» **RECORDS TO USE**
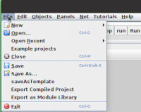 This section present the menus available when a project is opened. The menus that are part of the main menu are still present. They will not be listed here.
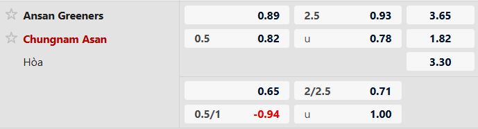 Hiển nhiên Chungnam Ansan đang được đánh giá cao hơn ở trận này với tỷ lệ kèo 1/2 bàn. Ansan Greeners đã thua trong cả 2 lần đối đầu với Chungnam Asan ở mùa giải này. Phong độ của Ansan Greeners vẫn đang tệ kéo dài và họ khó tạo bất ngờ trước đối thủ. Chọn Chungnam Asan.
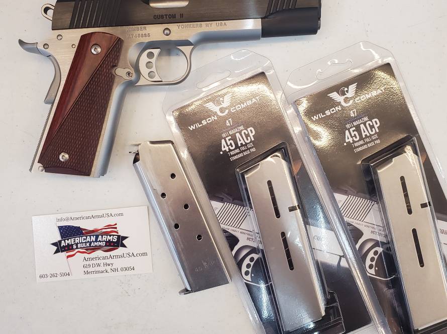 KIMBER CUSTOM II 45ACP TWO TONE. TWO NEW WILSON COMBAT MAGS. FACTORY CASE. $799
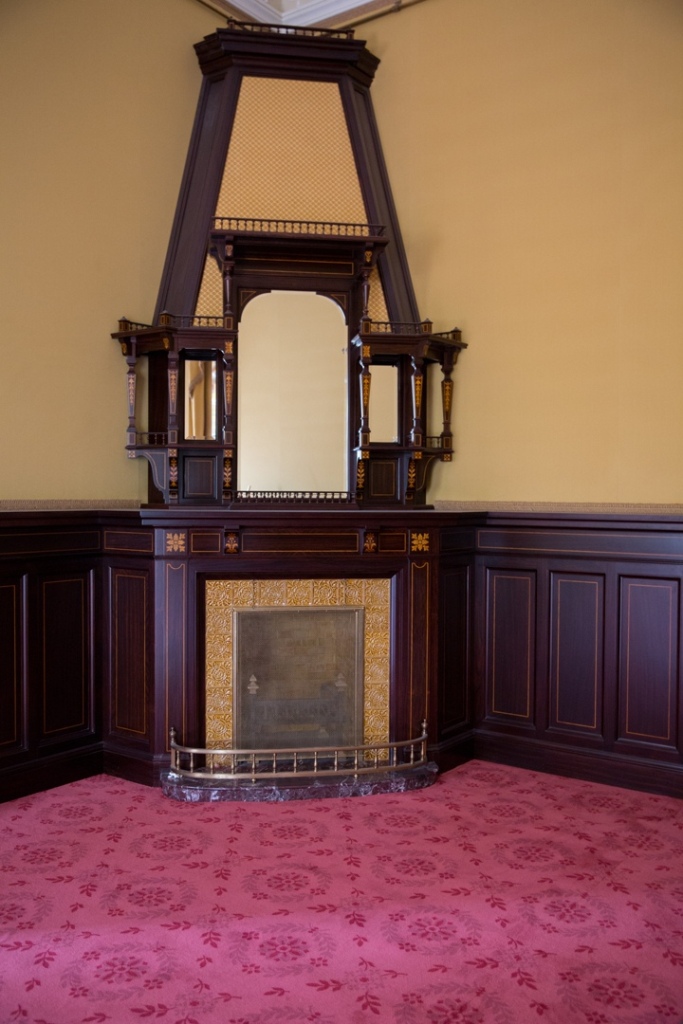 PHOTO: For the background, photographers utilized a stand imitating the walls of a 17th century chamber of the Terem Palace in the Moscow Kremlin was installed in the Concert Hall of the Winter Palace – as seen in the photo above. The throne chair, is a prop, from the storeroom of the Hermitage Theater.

* * *

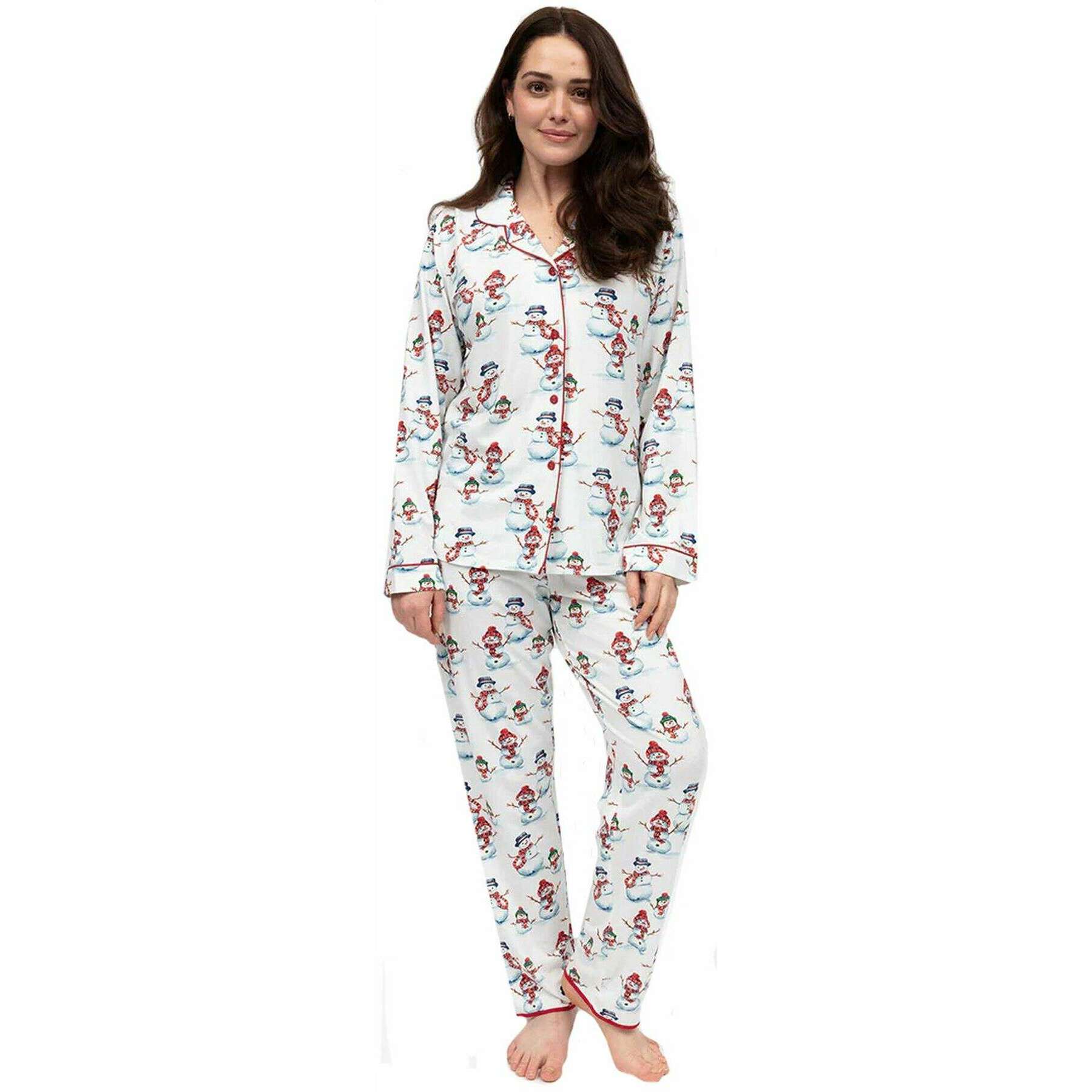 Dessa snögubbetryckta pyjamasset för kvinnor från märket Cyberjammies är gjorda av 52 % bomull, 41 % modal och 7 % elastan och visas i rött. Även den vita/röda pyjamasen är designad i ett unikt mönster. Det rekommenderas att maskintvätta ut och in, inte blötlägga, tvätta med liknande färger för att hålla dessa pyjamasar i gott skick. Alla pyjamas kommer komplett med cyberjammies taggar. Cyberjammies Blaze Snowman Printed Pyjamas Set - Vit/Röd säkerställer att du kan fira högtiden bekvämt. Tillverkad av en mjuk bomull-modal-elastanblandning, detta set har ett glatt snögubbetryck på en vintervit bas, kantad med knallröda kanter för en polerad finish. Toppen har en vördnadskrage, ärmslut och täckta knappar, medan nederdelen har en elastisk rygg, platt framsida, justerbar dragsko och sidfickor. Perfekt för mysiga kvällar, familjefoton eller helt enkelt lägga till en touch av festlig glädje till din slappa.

==

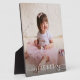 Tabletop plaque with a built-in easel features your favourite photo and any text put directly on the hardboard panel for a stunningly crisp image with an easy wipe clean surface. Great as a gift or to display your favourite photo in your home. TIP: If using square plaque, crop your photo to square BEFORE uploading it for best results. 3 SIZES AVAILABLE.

» **ABOUT THIS TASK**
Above are the records. Copy only the lines from the one with "Hiển nhiên Chungnam" through the one with "PHOTO: For the", exactly, with no pictures.

» **PROBLEM SOLUTION**
 Hiển nhiên Chungnam Ansan đang được đánh giá cao hơn ở trận này với tỷ lệ kèo 1/2 bàn. Ansan Greeners đã thua trong cả 2 lần đối đầu với Chungnam Asan ở mùa giải này. Phong độ của Ansan Greeners vẫn đang tệ kéo dài và họ khó tạo bất ngờ trước đối thủ. Chọn Chungnam Asan.
 KIMBER CUSTOM II 45ACP TWO TONE. TWO NEW WILSON COMBAT MAGS. FACTORY CASE. $799
 PHOTO: For the background, photographers utilized a stand imitating the walls of a 17th century chamber of the Terem Palace in the Moscow Kremlin was installed in the Concert Hall of the Winter Palace – as seen in the photo above. The throne chair, is a prop, from the storeroom of the Hermitage Theater.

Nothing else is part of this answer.